== Required work ==
Word for word, copy the lines from the one with "在广西金秀瑶族自治县忠良乡山" to the last line of the data below, counting both, and keep every picture out.

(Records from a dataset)
___
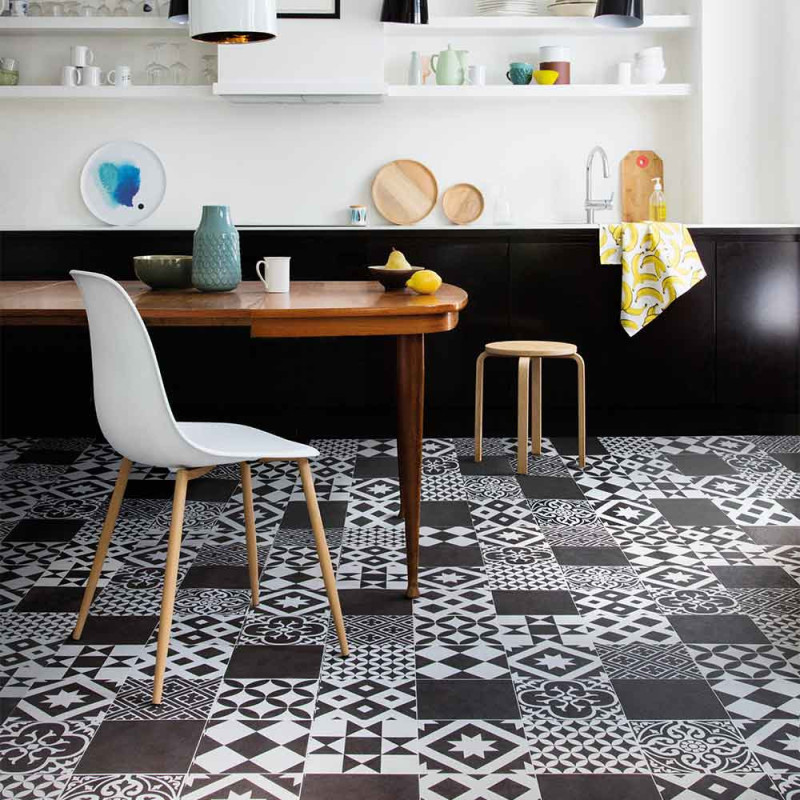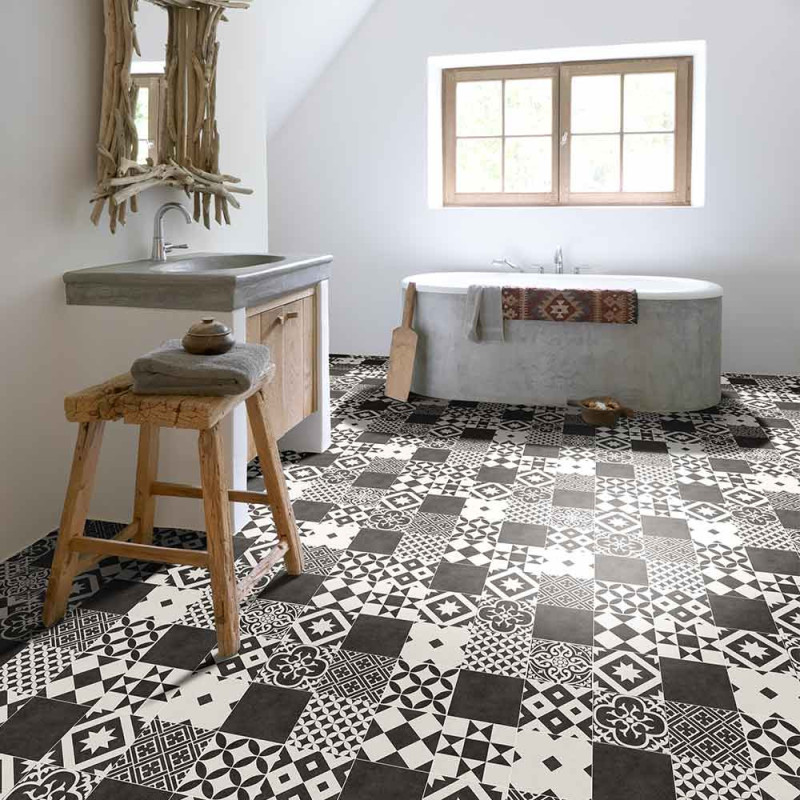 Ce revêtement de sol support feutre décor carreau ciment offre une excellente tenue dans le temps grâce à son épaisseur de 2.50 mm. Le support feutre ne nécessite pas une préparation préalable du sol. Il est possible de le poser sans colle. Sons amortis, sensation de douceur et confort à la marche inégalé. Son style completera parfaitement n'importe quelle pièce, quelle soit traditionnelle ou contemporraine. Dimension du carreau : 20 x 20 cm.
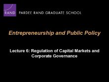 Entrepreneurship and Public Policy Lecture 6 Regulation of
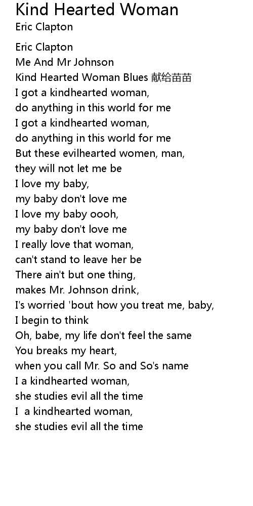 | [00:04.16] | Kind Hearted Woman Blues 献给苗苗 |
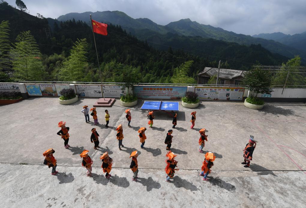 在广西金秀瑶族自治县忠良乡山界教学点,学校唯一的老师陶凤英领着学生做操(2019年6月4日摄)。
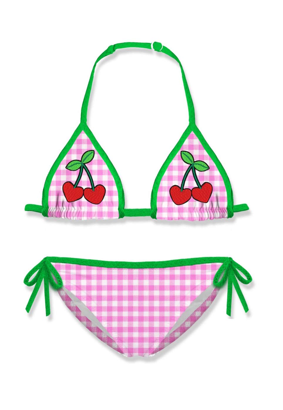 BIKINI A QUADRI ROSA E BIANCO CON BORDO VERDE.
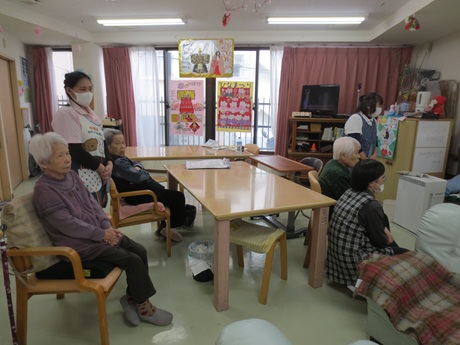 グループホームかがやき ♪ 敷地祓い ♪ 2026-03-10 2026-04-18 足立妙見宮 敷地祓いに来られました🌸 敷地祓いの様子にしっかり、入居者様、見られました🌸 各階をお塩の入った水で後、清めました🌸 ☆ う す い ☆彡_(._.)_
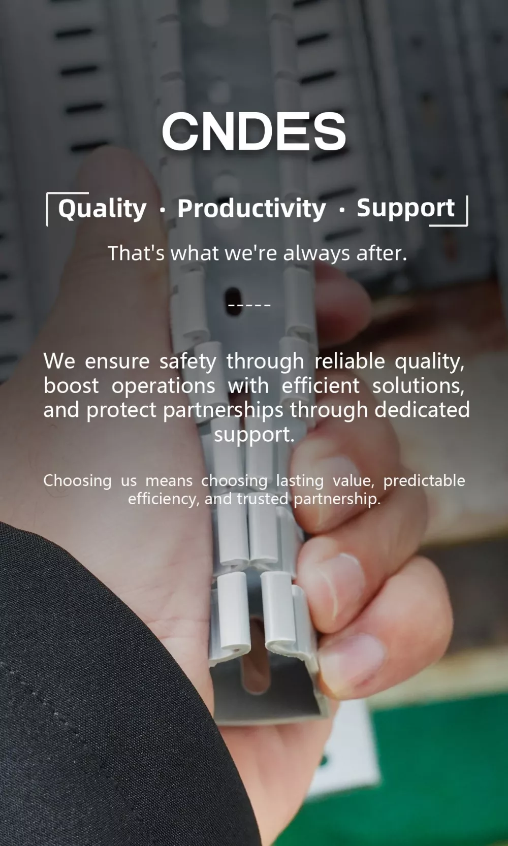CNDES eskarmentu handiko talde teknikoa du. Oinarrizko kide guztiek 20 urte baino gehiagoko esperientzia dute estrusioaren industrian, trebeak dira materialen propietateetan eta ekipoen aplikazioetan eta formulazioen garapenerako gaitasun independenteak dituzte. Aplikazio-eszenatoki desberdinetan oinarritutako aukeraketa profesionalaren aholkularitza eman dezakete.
___
== Solution below ==
 在广西金秀瑶族自治县忠良乡山界教学点,学校唯一的老师陶凤英领着学生做操(2019年6月4日摄)。
 BIKINI A QUADRI ROSA E BIANCO CON BORDO VERDE.
 グループホームかがやき ♪ 敷地祓い ♪ 2026-03-10 2026-04-18 足立妙見宮 敷地祓いに来られました🌸 敷地祓いの様子にしっかり、入居者様、見られました🌸 各階をお塩の入った水で後、清めました🌸 ☆ う す い ☆彡_(._.)_
CNDES eskarmentu handiko talde teknikoa du. Oinarrizko kide guztiek 20 urte baino gehiagoko esperientzia dute estrusioaren industrian, trebeak dira materialen propietateetan eta ekipoen aplikazioetan eta formulazioen garapenerako gaitasun independenteak dituzte. Aplikazio-eszenatoki desberdinetan oinarritutako aukeraketa profesionalaren aholkularitza eman dezakete.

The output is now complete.